A software audit review, or software audit, is a type of software review in which one or more auditors who are not members of the software development organization conduct "An independent examination of a software product, software process, or set of software processes to assess compliance with specifications, standards, contractual agreements, or other criteria".

"Software product" mostly, but not exclusively, refers to some kind of technical document. IEEE Std. 1028 offers a list of 32 "examples of software products subject to audit", including documentary products such as various sorts of plan, contracts, specifications, designs, procedures, standards, and reports, but also non-documentary products such as data, test data, and deliverable media.

Software audits are distinct from software peer reviews and software management reviews in that they are conducted by personnel external to, and independent of, the software development organization, and are concerned with compliance of products or processes, rather than with their technical content, technical quality, or managerial implications.

The term "software audit review" is adopted here to designate the form of software audit described in IEEE Std. 1028.

Objectives and participants 

"The purpose of a software audit is to provide an independent evaluation of conformance of software products and processes to applicable regulations, standards, guidelines, plans, and procedures".  The following roles are recommended:

The Initiator (who might be a manager in the audited organization, a customer or user representative of the audited organization, or a third party), decides upon the need for an audit, establishes its purpose and scope, specifies the evaluation criteria, identifies the audit personnel, decides what follow-up actions will be required, and distributes the audit report.
The Lead Auditor (who must be someone "free from bias and influence that could reduce his ability to make independent, objective evaluations") is responsible for administrative tasks such as preparing the audit plan and assembling and managing the audit team, and for ensuring that the audit meets its objectives.
The Recorder documents anomalies, action items,  decisions, and recommendations made by the audit team.
The Auditors (who must be, like the Lead Auditor, free from bias) examine products defined in the audit plan, document their observations, and recommend corrective actions.  (There may be only a single auditor.)
The Audited Organization provides a liaison to the auditors, and provides all information requested by the auditors. When the audit is completed, the audited organization should implement corrective actions and recommendations.

Principles of a Software Audit 

The following principles of an audit should find a reflection:

 Timeliness:  Only when the processes and programming is continuous inspected in regard to their potential susceptibility to faults and weaknesses, but as well with regard to the continuation of the analysis of the found strengths, or by comparative functional analysis with similar applications an updated frame can be continued.
 Source openness:  It requires an explicit reference in the audit of encrypted programs, how the handling of open source has to be understood. E.g. programs, offering an open source application, but not considering the IM server as open source, have to be regarded as critical. An auditor should take an own position to the paradigm of the need of the open source nature within cryptologic applications.
 Elaborateness:  Audit processes should be oriented to certain minimum standard. The recent audit processes of encrypting software often vary greatly in quality, in the scope and effectiveness and also experience in the media reception often differing perceptions. Because of the need of special knowledge on the one hand and to be able to read programming code and then on the other hand to also have knowledge of encryption procedures, many users even trust the shortest statements of formal confirmation. Individual commitment as an auditor, e.g. for quality, scale and effectiveness, is thus to be assessed reflexively for yourself and to be documented within the audit.

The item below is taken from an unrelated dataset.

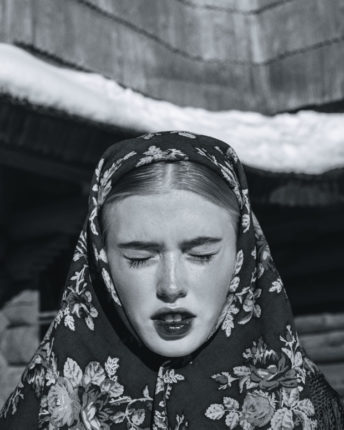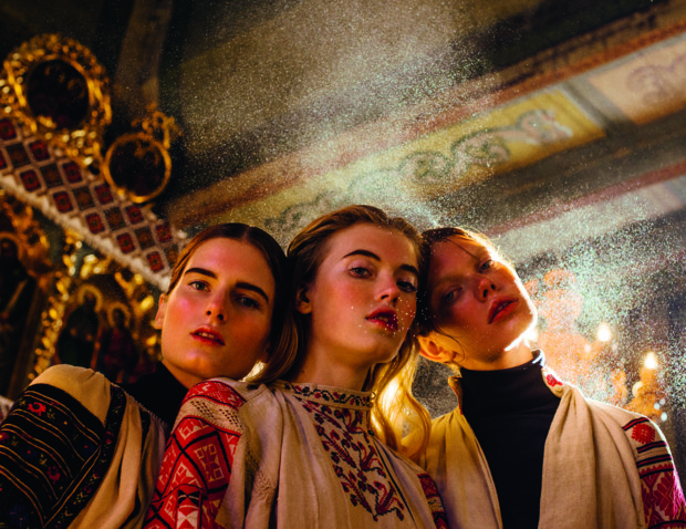 Ця фотозйомка – синтез репортажу, кіно і модної історії. Автори фотосесії поєднали традиційні українські вбрання з речами з сезонних колекцій. Зйомка відбувалася на околиці села Белелуя з фільму «Камінний хрест» та біля церкви в селі Криворівня з фільму «Тіні забутих предків».

 The financial context:  Further transparency is needed to clarify whether the software has been developed commercially and whether the audit was funded commercially (paid Audit). It makes a difference whether it is a private hobby / community project or whether a commercial company is behind it.
 Scientific referencing of learning perspectives:  Each audit should describe the findings in detail within the context and also highlight progress and development needs constructively. An auditor is not the parent of the program, but serves in a role of a mentor if the auditor is regarded as part of a PDCA learning circle (PDCA = Plan-Do-Check-Act). There should be next to the description of the detected vulnerabilities also a description of the innovative opportunities and the development of the potentials.
 Literature-inclusion:  A reader should not rely solely on the results of one review, but also judge according to a loop of a management system (e.g. PDCA, see above), to ensure, that the development team or the reviewer was and is prepared to carry out further analysis, and also in the development and review process is open to learnings and to consider notes of others. A list of references should be accompanied in each case of an audit.
 Inclusion of user manuals & documentation:  Further a check should be done, whether there are manuals and technical documentations, and, if these are expanded.
 Identify references to innovations:  Applications that allow both, messaging to offline and online contacts, so considering chat and e-mail in one application - as it is also the case with GoldBug - should be tested with high priority (criterion of presence chats in addition to the e-mail function). The auditor should also highlight the references to innovations and underpin further research and development needs.
This list of audit principles for crypto applications describes - beyond the methods of technical analysis - particularly core values, that should be taken into account

Tools 
Parts of Software audit could be done using static analysis tools that analyze application code  and score its conformance with standards, guidelines, best practices. From the List of tools for static code analysis some are covering a very large spectrum from code to architecture review, and could be use for benchmarking.